Distance between clusters based on Ward's method for observations with weights

Description

This function calculates distances between pairs of clusters based on Ward's method for observations with weights. Specifically, for each pair of clusters, it computes the increase of weighted sum of squares after merging them.

Usage

distw(x,cl,w)

Arguments

x

A data matrix (data frame, data table, matrix, etc.) containing only entries of class numeric.

cl

Vector of length nrow(x) of cluster assignments for each observation in the dataset, indicating the cluster to which each observation is allocated. Must be of class integer.

w

Vector of length nrow(x) of weights for each observation in the dataset. Must be of class numeric or integer. If NULL, the default value is a vector of 1 with length nrow(x), i.e., weights equal 1 for all observations.

Details

Based on the Ward method, the distance between two clusters A and B, is the increase of sum of squares after merging them, which is the merging cost of combining two clusters. Specifically, dist(A,B) = SS(A+B) - SS(A) - SS(B), where SS(A+B) is sum of squares of residuals with respect to mean considering A and B as one cluster, SS(A) and SS(B) are for the cluster A and B seperately.

Here this function computes the merging costs for each pair of clusters, especially for a data set with observational weights. The sums of squares are calculated with observational weights. The distances of pairs of clusters could be used for agglomerative hierarchical clustering. The pair of clusters with minimal distance could be merged at the next step.

Value

A k by k matrix where k is the number of clusters. The lower triangular part of the matrix contains distances for pairs of clusters based on Ward's method. There are NAs on all the other positions.

Author(s)

Javier Cabrera, Yajie Duan, Ge Cheng

References

Ward Jr, J. H. (1963). Hierarchical grouping to optimize an objective function. Journal of the American statistical association, 58(301), 236-244.

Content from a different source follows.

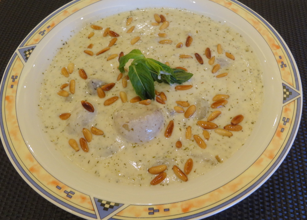 - Pour into deep plates and decorate with pine nuts. Enjoy it warm or cold. You could have it with cooked rice if you’d like.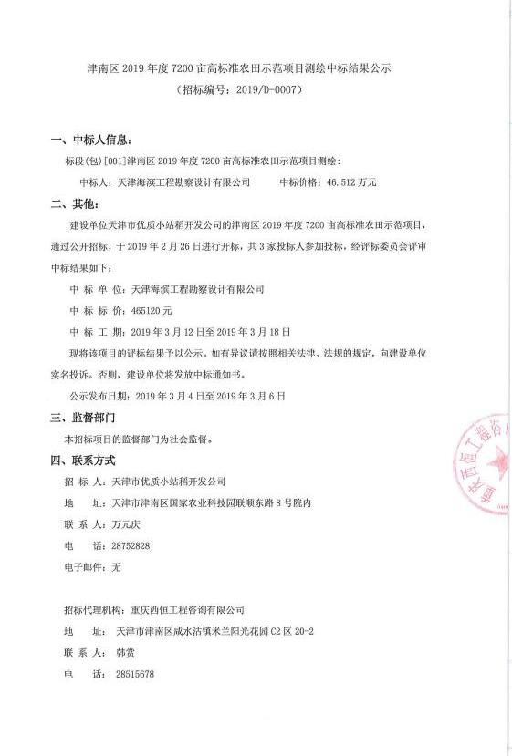 津南区2019年度7200亩高标准农田示范项目测绘中标结果公示

Cherasia, K. E., Cabrera, J., Fernholz, L. T., & Fernholz, R. (2022). Data Nuggets in Supervised Learning. In Robust and Multivariate Statistical Methods: Festschrift in Honor of David E. Tyler (pp. 429-449). Cham: Springer International Publishing.

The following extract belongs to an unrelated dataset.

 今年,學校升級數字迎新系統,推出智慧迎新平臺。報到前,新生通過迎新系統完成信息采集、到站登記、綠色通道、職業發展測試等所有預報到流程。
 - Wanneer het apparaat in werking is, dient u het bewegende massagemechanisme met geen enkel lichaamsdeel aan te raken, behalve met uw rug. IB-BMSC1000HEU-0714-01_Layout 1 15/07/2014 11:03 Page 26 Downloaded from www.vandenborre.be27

Beavers, T., Cheng, G., Duan, Y., Cabrera, J., Lubomirski, M., Amaratunga, D., Teigler, J. (2023). Data Nuggets: A Method for Reducing Big Data While Preserving Data Structure (Submitted for Publication)

See Also

Whclust

Examples

library(cluster)
    # The Ruspini data set from the package "cluster""
    x = as.matrix(ruspini)

    # assign random weights to observations
    w = sample(1:10,nrow(x),replace = TRUE)

    # assign random clusters to observations
    cl = sample(1:3,nrow(x),replace = TRUE)

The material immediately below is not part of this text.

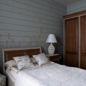 Подушки и пледы — это небольшие, но важные и весьма значимые элементы декора, способные кардинально преобразить атмосферу комнаты. Выбирайте натуральные ткани, такие как шерсть или кашемир. Яркие акценты в виде декоративных подушек с принтами, а особенно с вышивкой, станут великолепным дополнением к фону деревянного интерьера.

    #output distances between clusters based on Ward's method under the random cluster assignments
    distw(x, cl, w)

Hierarchical Clustering for data nuggets

Description

This function produces the hierarchical tree of data nuggets for an object of class datanugget, by agglomerative hierarchical clustering based on Ward's method considering data nugget centers and weights.

Usage

DN.Whclust(datanugget)

Arguments

datanugget

An object of class datanugget, i.e., the output of functions create.DN or refine.DN in the package datanugget.

Details

Data nuggets are a representative sample meant to summarize Big Data by reducing a large dataset to a much smaller dataset by eliminating redundant points while also preserving the peripheries of the dataset. Each data nugget is defined by a center (location), weight (importance), and scale (internal variability). Data nuggets for a large dataset could be created and refined by functions create.DN or refine.DN in the package datanugget.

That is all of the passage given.